WHAT YOU SHOULD DO: Pictures are to be left out. Return exactly the lines below from the one with "中粮集团1.19GW逆变器集" up to and including the one with "Surfvåg Akvarellmugg –".

DATA LISTING:
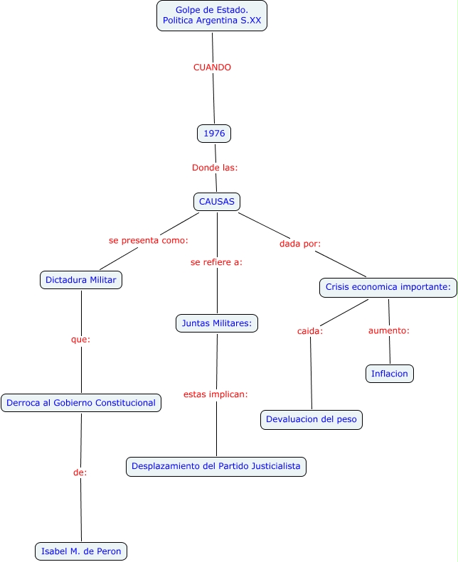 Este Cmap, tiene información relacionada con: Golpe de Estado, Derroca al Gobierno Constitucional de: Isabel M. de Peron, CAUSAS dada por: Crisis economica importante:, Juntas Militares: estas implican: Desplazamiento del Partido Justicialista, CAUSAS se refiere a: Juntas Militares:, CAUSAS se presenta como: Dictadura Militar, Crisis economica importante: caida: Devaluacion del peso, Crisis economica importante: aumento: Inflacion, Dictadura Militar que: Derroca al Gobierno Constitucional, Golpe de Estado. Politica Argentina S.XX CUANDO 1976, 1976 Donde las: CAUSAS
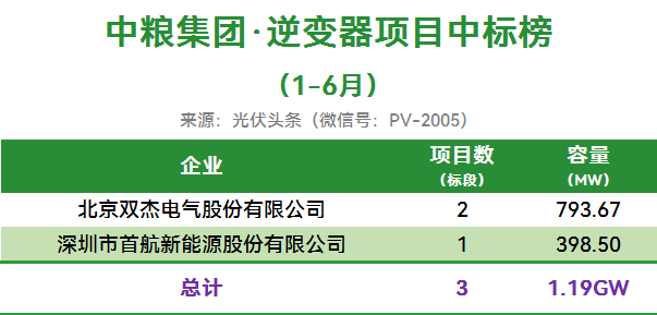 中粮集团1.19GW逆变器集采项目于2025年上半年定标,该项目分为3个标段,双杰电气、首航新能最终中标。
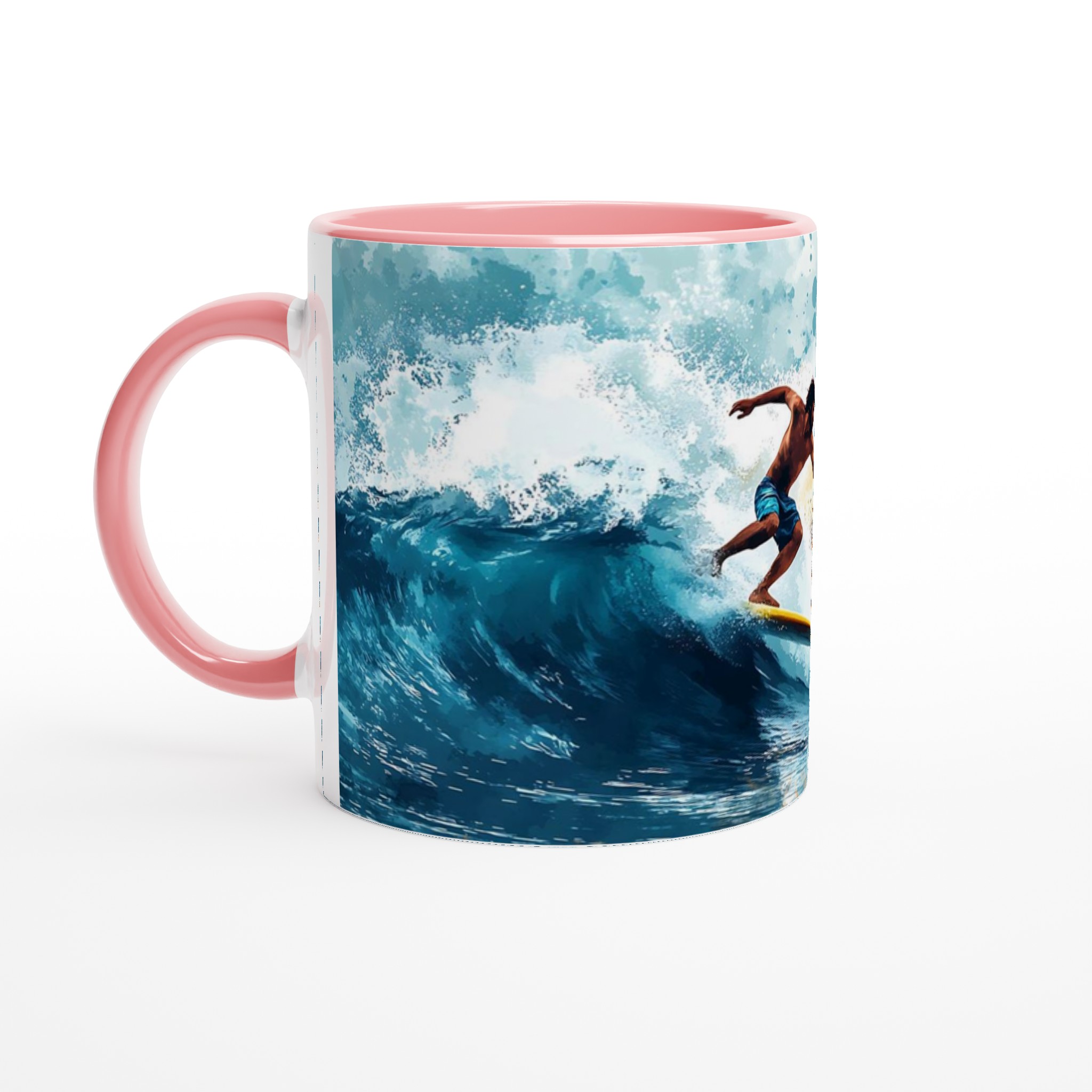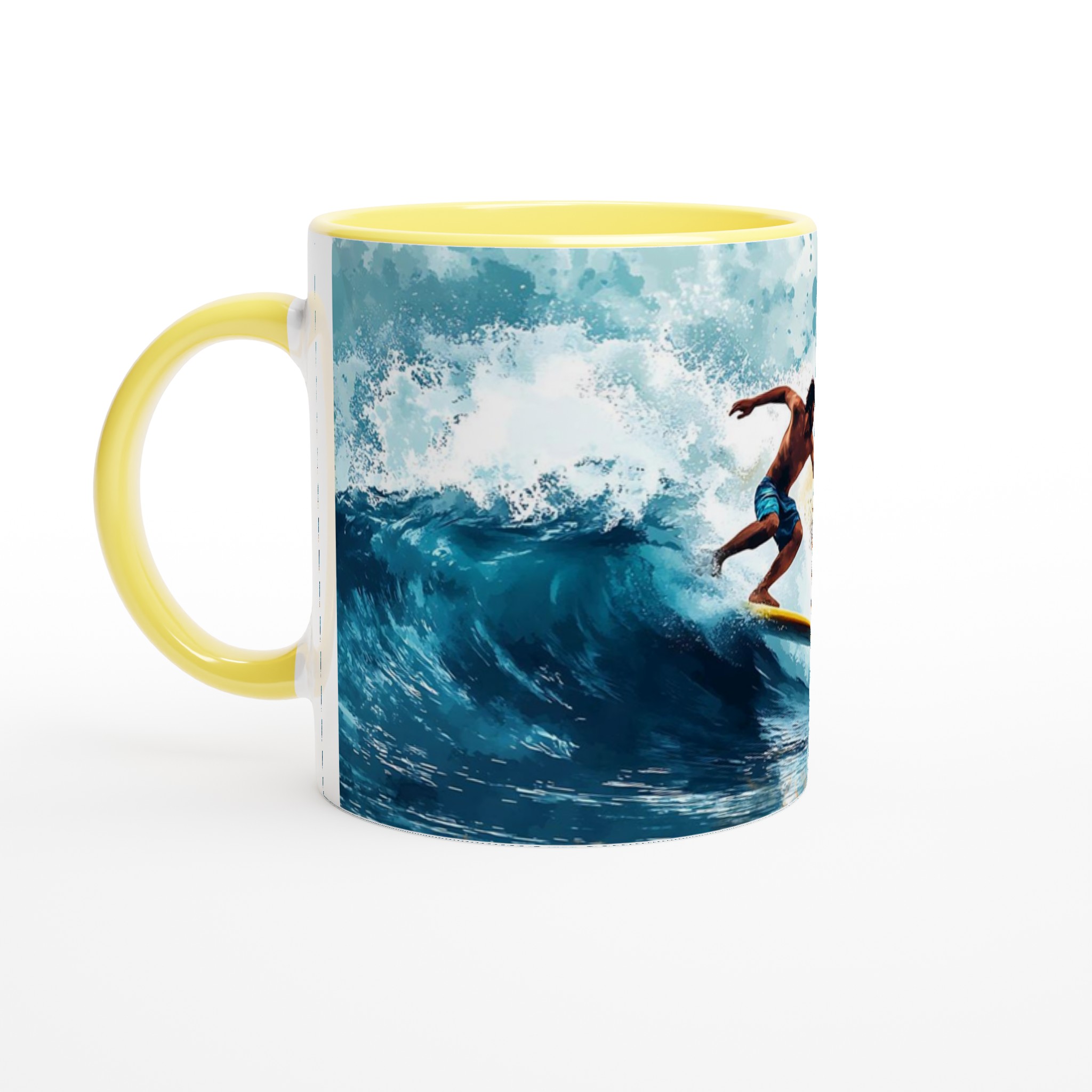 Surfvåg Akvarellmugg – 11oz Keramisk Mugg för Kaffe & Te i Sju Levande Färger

---

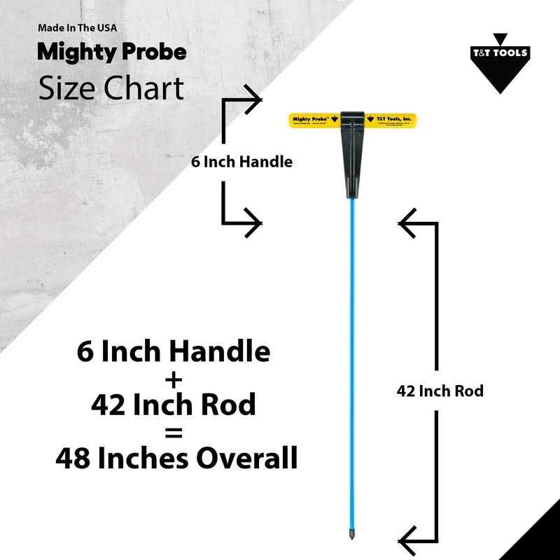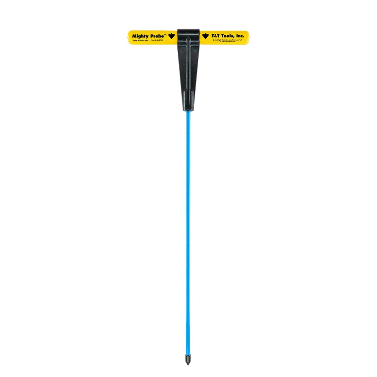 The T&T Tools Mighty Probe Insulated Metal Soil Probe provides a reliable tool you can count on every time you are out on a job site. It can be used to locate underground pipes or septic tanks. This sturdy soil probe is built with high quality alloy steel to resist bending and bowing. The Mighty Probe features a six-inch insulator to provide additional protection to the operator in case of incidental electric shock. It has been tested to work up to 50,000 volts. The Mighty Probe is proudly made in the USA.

ANSWER TO THE EXERCISE:
 中粮集团1.19GW逆变器集采项目于2025年上半年定标,该项目分为3个标段,双杰电气、首航新能最终中标。
 Surfvåg Akvarellmugg – 11oz Keramisk Mugg för Kaffe & Te i Sju Levande Färger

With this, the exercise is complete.